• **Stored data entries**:
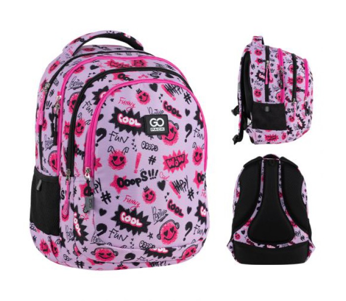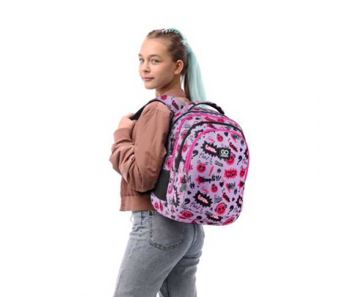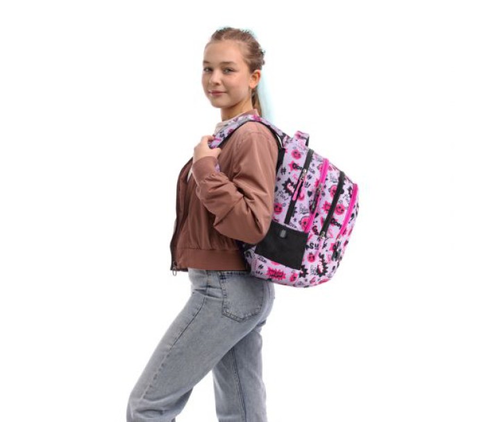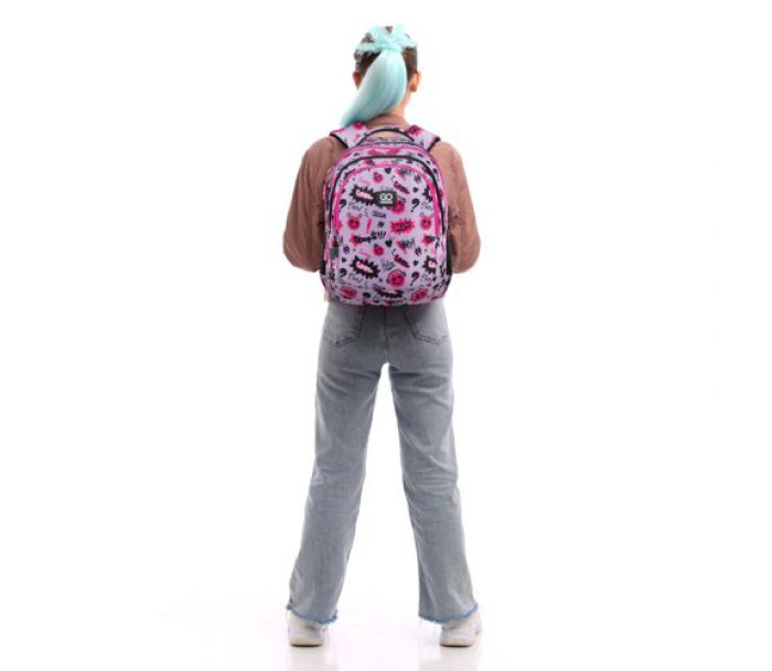 Рюкзак зовні: анатомічна спинка; широкі S-подібні лямки; 3 відділення; 1 об'ємна передня кишеня; 2 бічні кишені; світловідбивні елементи; м'яка ущільнена ручка та текстильна петля; знімний нагрудний ремінь; ущільнене дно; зносостійкі блискавки; надійна фурнітура.
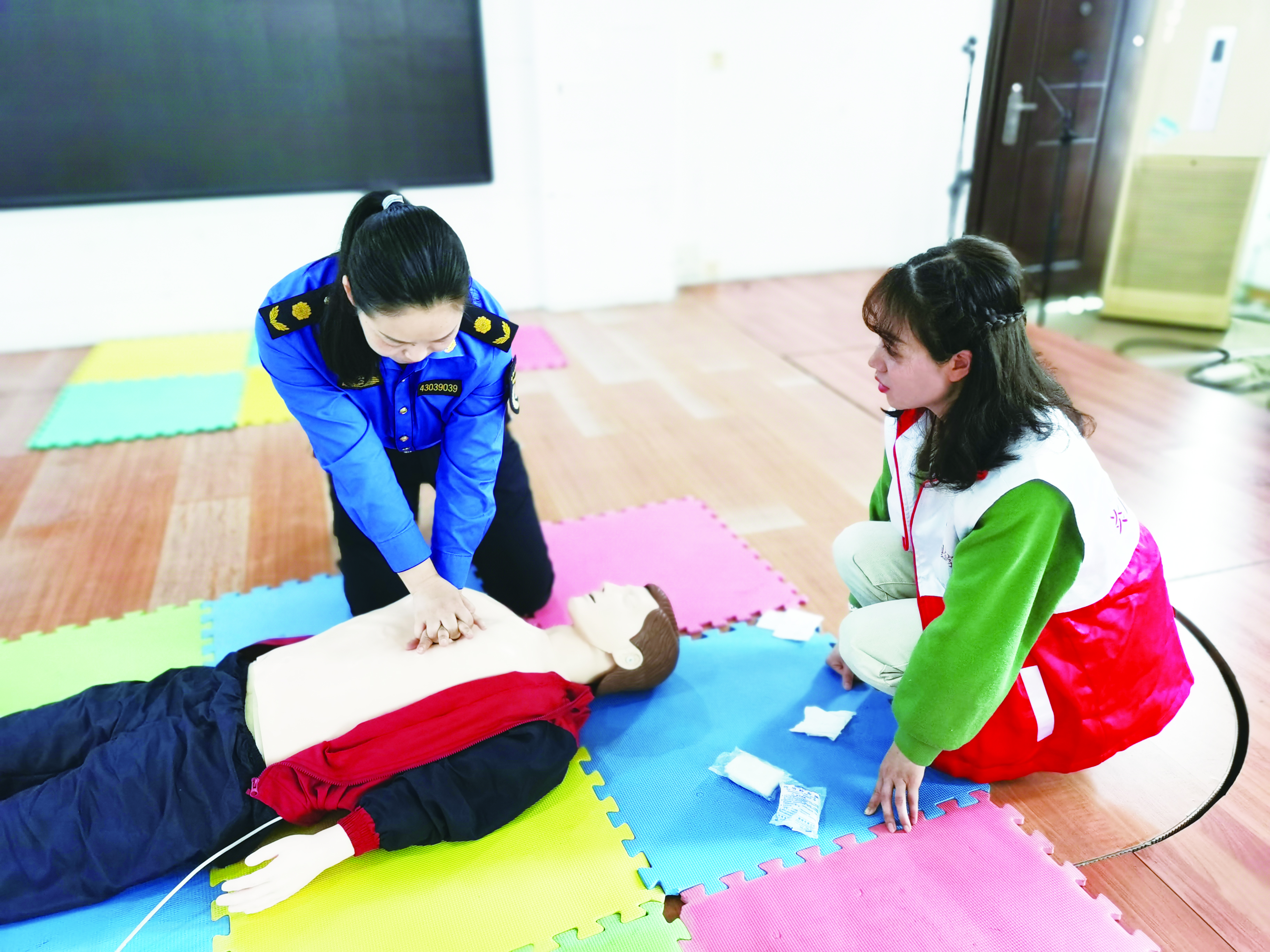 培训中,针对城管人员的工作特性,授课老师围绕心肺复苏、气道异物梗阻急救、意外伤害与创伤包扎、止血等常见常用救护知识、救护原则、救护技巧和注意事项,进行了专业讲解。随后,又利用医用模特,让城管人员演练心肺复苏、气道异物梗阻急救等,掌握应急救援的基本技巧和注意事项。
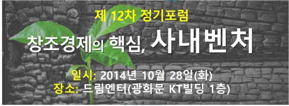 매달 창조경제의 핵심 과제에 관한 포럼을 개최하고 있는 (사)창조경제연구회(이사장 이민화)가 이번 달에는 ‘창조경제의 주역, 사내벤처’라는 주제를 발표하고 정부, 기업, 학계 등 각계 전문가들의 의견 청취와 토론을 진행할 예정이다.
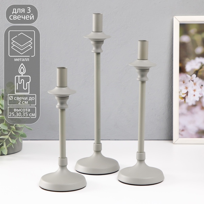 Подсвечник металл на 1 свечу d=2 см "Стиан" набор 3 шт 10,5х10,5х35 30 25 см
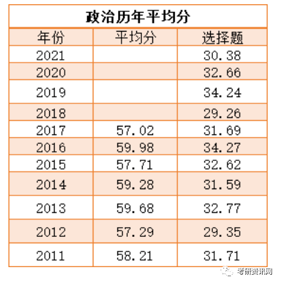 根据往年的数据,政治平均分基本在57~59分之间,难度系数属于中度难度,比较稳定,并不会出现剧烈的难度变化,因此大家可以按照近几年的考试真题难度进行准备即可。
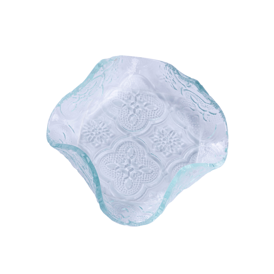ชื่อผลิตภัณฑ์:เชิงเทียนแก้วลายดอกไม้ขอบร่อง
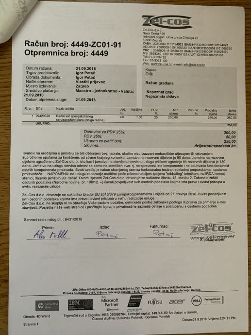 Laptop je moguće pogledati/preuzeti u Bjelovaru (vikendom) ili u Zagrebu (preko tjedna ili vikendom). Molim kontaktirati me putem Whatsapp-a ili mail-a, budući da možda neću moći razgovarati.
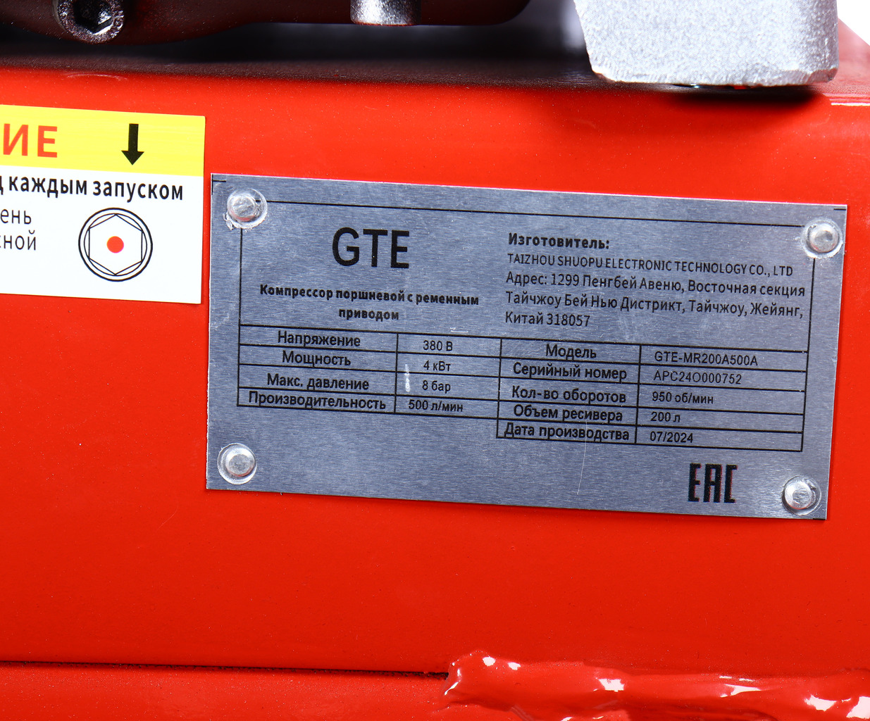 Компрессор пневматический 380В 4.0кВт 8атм. 500л/мин. ресивер-200л поршн. ремен. одноступенчатый GTE
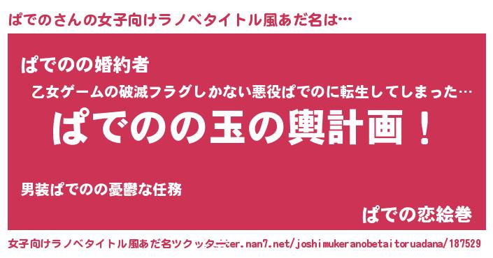 | 男性向けラノベタイトル風あだ名 | 『転生したらぱでのだった件』 |
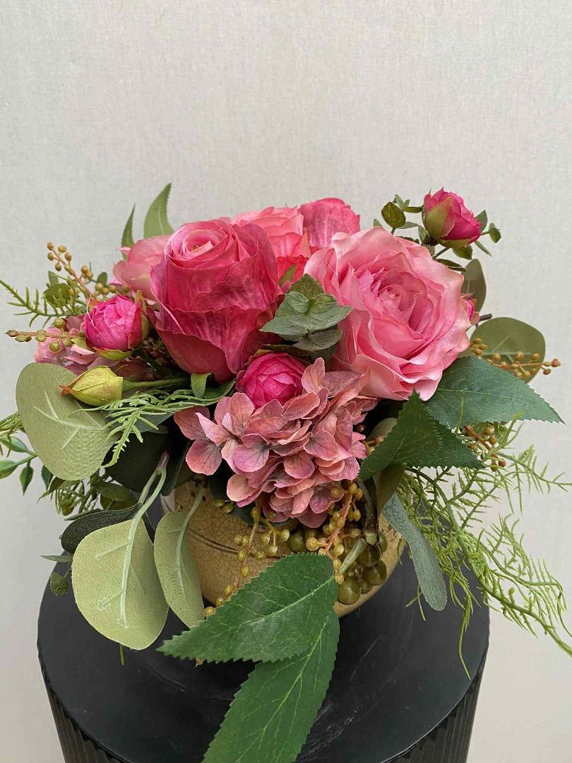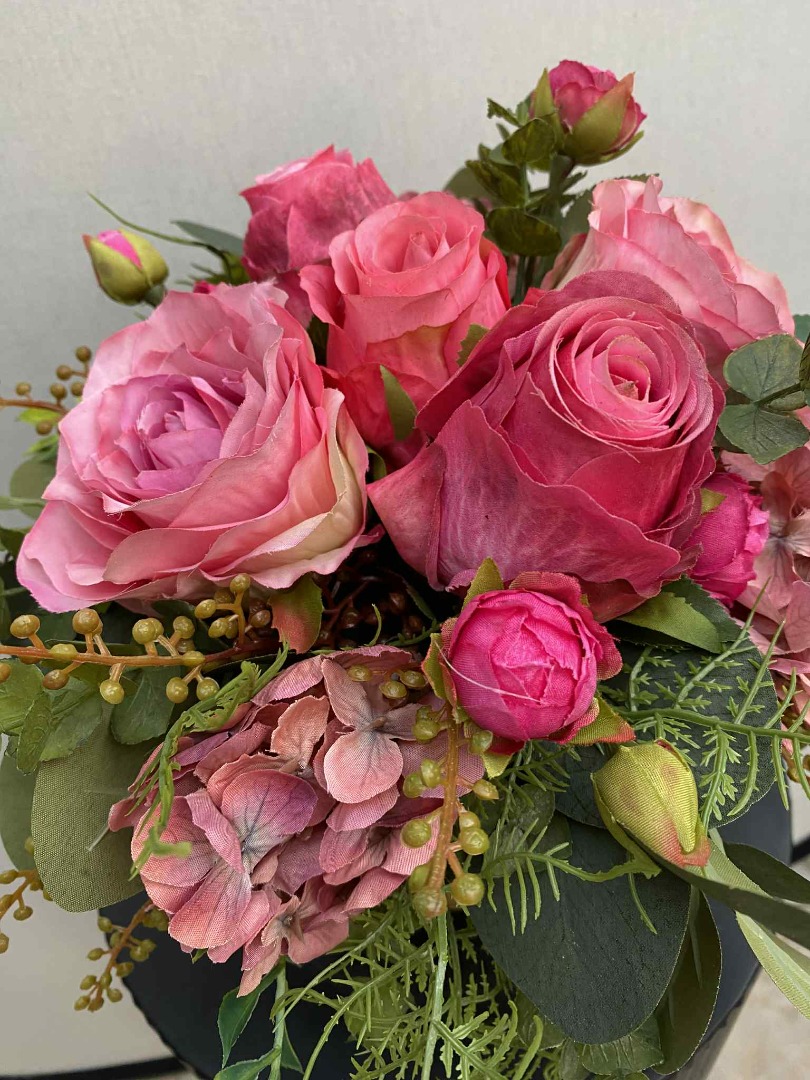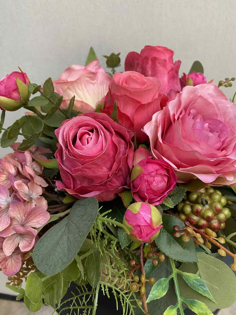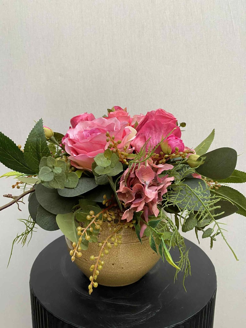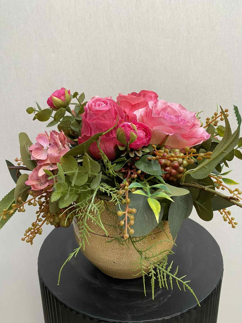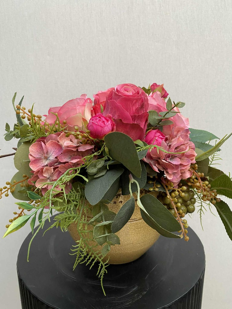 Dit fraaie Bloemstuk is volledig van zijde bloemen gemaakt. Onze bloemstukken worden in eigen atelier gemaakt. Iedere bloemstuk is handwerk.
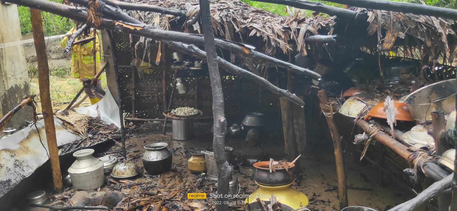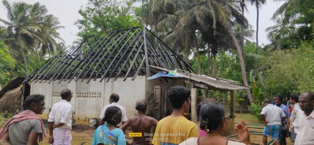 அவருக்கு சொந்தமான கூரை வீட்டில் மின்கசிவு காரணமாக தீ விபத்து ஏற்பட்டு வீடு முழுவதும் எரிந்து விட்டது. தீ விபத்து ஏற்பட்ட போது வீட்டில் யாரும் இல்லை.
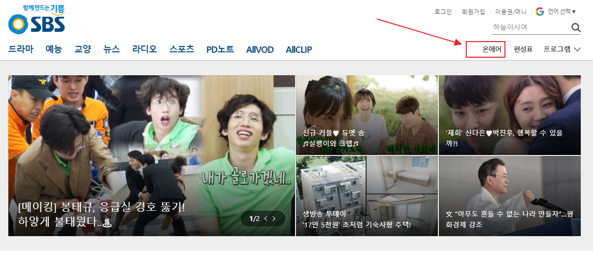 sbs 홈페이지에서 오른쪽 상단에 보시면 온에어 메뉴가 보입니다. 클릭해 주세요.

• **TASK BRIEF**: Each record above goes into the copy word for word; the pictures do not.

• **ANSWER SPACE**:
 Рюкзак зовні: анатомічна спинка; широкі S-подібні лямки; 3 відділення; 1 об'ємна передня кишеня; 2 бічні кишені; світловідбивні елементи; м'яка ущільнена ручка та текстильна петля; знімний нагрудний ремінь; ущільнене дно; зносостійкі блискавки; надійна фурнітура.
 培训中,针对城管人员的工作特性,授课老师围绕心肺复苏、气道异物梗阻急救、意外伤害与创伤包扎、止血等常见常用救护知识、救护原则、救护技巧和注意事项,进行了专业讲解。随后,又利用医用模特,让城管人员演练心肺复苏、气道异物梗阻急救等,掌握应急救援的基本技巧和注意事项。
 매달 창조경제의 핵심 과제에 관한 포럼을 개최하고 있는 (사)창조경제연구회(이사장 이민화)가 이번 달에는 ‘창조경제의 주역, 사내벤처’라는 주제를 발표하고 정부, 기업, 학계 등 각계 전문가들의 의견 청취와 토론을 진행할 예정이다.
 Подсвечник металл на 1 свечу d=2 см "Стиан" набор 3 шт 10,5х10,5х35 30 25 см
 根据往年的数据,政治平均分基本在57~59分之间,难度系数属于中度难度,比较稳定,并不会出现剧烈的难度变化,因此大家可以按照近几年的考试真题难度进行准备即可。
ชื่อผลิตภัณฑ์:เชิงเทียนแก้วลายดอกไม้ขอบร่อง
 Laptop je moguće pogledati/preuzeti u Bjelovaru (vikendom) ili u Zagrebu (preko tjedna ili vikendom). Molim kontaktirati me putem Whatsapp-a ili mail-a, budući da možda neću moći razgovarati.
 Компрессор пневматический 380В 4.0кВт 8атм. 500л/мин. ресивер-200л поршн. ремен. одноступенчатый GTE
 | 男性向けラノベタイトル風あだ名 | 『転生したらぱでのだった件』 |
 Dit fraaie Bloemstuk is volledig van zijde bloemen gemaakt. Onze bloemstukken worden in eigen atelier gemaakt. Iedere bloemstuk is handwerk.
 அவருக்கு சொந்தமான கூரை வீட்டில் மின்கசிவு காரணமாக தீ விபத்து ஏற்பட்டு வீடு முழுவதும் எரிந்து விட்டது. தீ விபத்து ஏற்பட்ட போது வீட்டில் யாரும் இல்லை.
 sbs 홈페이지에서 오른쪽 상단에 보시면 온에어 메뉴가 보입니다. 클릭해 주세요.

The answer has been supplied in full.